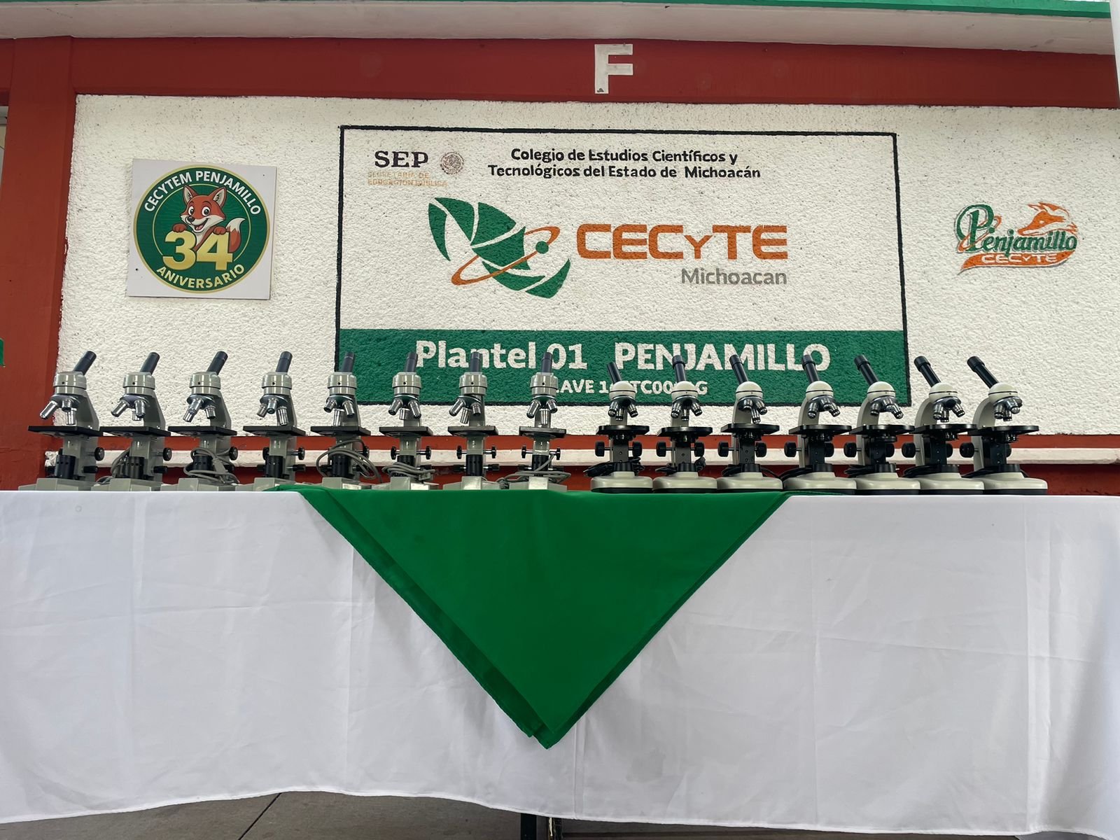 Penjamillo, Michoacán, 21 de abril de 2026.- La comunidad escolar del plantel Penjamillo del Colegio de Estudios Científicos y Tecnológicos del Estado de Michoacán (Cecytem) recibió 18 microscopios monoculares, donados por Gabriela Ivonne Cortés López, migrante originaria de la comunidad de La Noria, en el municipio de Churintzio.
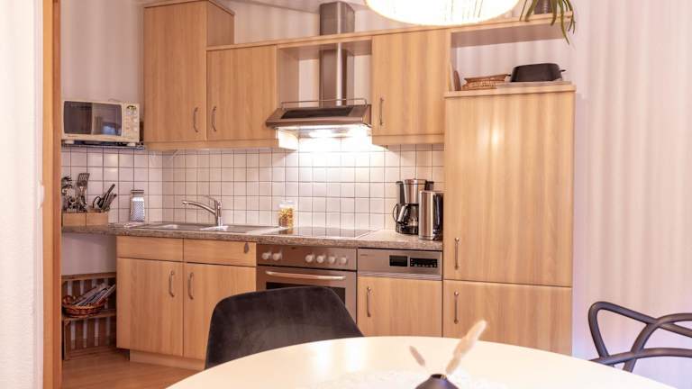 Die Ferienwohnung umfasst ein Schlafzimmer, ein Wohnzimmer und ist mit einem Flachbild-TV sowie einer gut ausgestatteten Küche mit Kühlschrank und Geschirrspüler versehen. Es gibt zudem ein Badezimmer mit Dusche. Handtücher und Bettwäsche werden bereitgestellt.
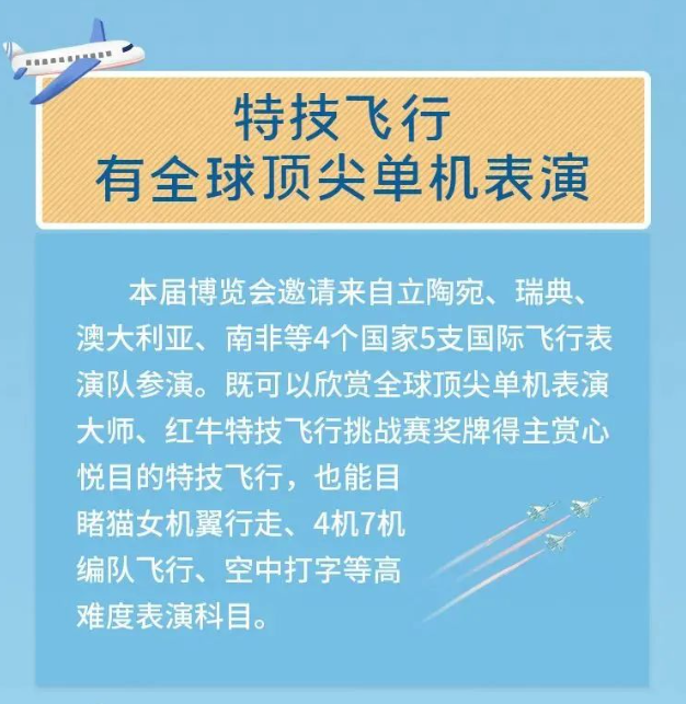 本届博览会邀请来自立陶宛、瑞典、澳大利亚、南非等4个国家5支国际飞行表演队参演。既可以欣赏全球顶尖单机表演大师、红牛特技飞行挑战赛奖牌得主赏心悦目的特技飞行,也能目睹猫女机翼行走、4机7机编队飞行、空中打字等高难度表演科目。

***

#### [EXERCISE DIRECTIONS]
The result is an exact copy of the lines from the one holding "Die Ferienwohnung umfasst" through the final line of the data above, both ends included, minus the pictures.

#### [ANSWER TO THE PROBLEM]
 Die Ferienwohnung umfasst ein Schlafzimmer, ein Wohnzimmer und ist mit einem Flachbild-TV sowie einer gut ausgestatteten Küche mit Kühlschrank und Geschirrspüler versehen. Es gibt zudem ein Badezimmer mit Dusche. Handtücher und Bettwäsche werden bereitgestellt.
 本届博览会邀请来自立陶宛、瑞典、澳大利亚、南非等4个国家5支国际飞行表演队参演。既可以欣赏全球顶尖单机表演大师、红牛特技飞行挑战赛奖牌得主赏心悦目的特技飞行,也能目睹猫女机翼行走、4机7机编队飞行、空中打字等高难度表演科目。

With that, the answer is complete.